Skip Navigation Bar

NLM’s Digitization Specifications


Two-Dimensional Materials (Texts, Manuscripts, Graphics) 

The majority of monographs were scanned in-house using a Kirtas KABIS III scanner.  Additional content was scanned offsite by vendors. Digitized texts contain the following components:

Monographs and Serials

Per Book

  • OCR - composite text file
  • Full color PDF
  • Descriptive metadata files (see Descriptive Metadata below)
  • METS - an xml document produced by the scanner’s software which encodes page image sequencing as well as technical details of the scanning operation
  • Preview image in JPG format

Per Page

  • Master image in either JPEG or TIFF format, 400 DPI, 24bit color, with some key technical metadata embedded
  • Access derivative image in JPEG2000 format
  • OCR - page text file
  • ALTO XML file of text with structural markup
  • MIX - an XML schema for encoding the structure of digital still images, this file is produced per page by NLM’s book scanner and embedded in the book-level METS file
  • Thumbnail in JPG format
Other Formats

Digitized manuscript materials, graphical prints of ink on paper, photographic prints, and photographic films are produced typically with TIFF masters and JPEG access derivatives.  Scanning DPI standards are generally higher, up to 600 DPI. Most of these materials do not generate text files.

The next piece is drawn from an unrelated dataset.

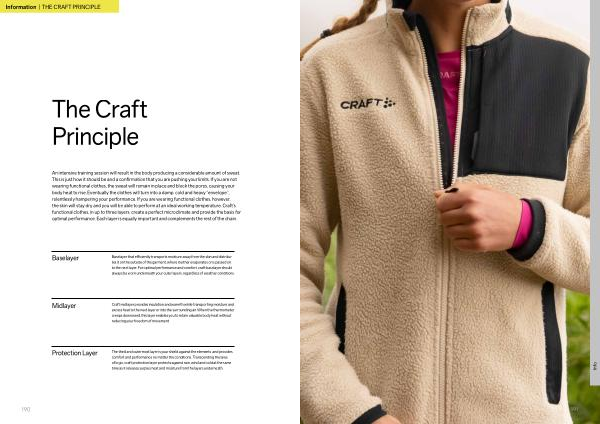 An intensive training session will result in the body producing a considerable amount of sweat . This is just how it should be and a confirmation that you are pushing your limits . If you are not wearing functional clothes , the sweat will remain in place and block the pores , causing your body heat to rise . Eventually the clothes will turn into a damp , cold and heavy “ envelope ”, relentlessly hampering your performance . If you are wearing functional clothes , however , the skin will stay dry and you will be able to perform at an ideal working temperature . Craft ’ s functional clothes , in up to three layers , create a perfect microclimate and provide the basis for optimal performance . Each layer is equally important and complements the rest of the chain .

Moving Images (Films and Videotapes)

Film and video materials are digitized to MPEG2 from BetacamSP or DVD copies.  The BetacamSP preservation copies are produced by offsite vendors.

  • MPEG2 digital master is a full resolution, 640x480 NTSC video, with audio as in the original
  • Access derivatives are created in-house using popular formats:
    • .mp4 with h.264 compression and AAC audio, in three different compression and resolution pairings, optimized for particular display devices
    • .mov in high quality, full resolution
    • .wmv in high quality, full resolution
  • Transcript (text file)
  • Time-coded captions in DFXP, QuickTime and MAGpie formats


  • Master recording digitized to .wav format
  • Access derivatives are created in .mp3 format
  • Transcript

Descriptive Metadata

  • Typically each resource in Digital Collections has a corresponding bibliographic record in NLM’s Integrated Library System (ILS).
  • Some manuscript collections have item-level metadata as well, usually in Dublin Core.
  • From each bibliographic record (in MARCXML format) , a Dublin Core record and a custom metadata record “DMDINDEX” are derived via XSLT.
  • Both the Dublin Core and DMDINDEX records are used for displaying and indexing purposes in Digital Collections.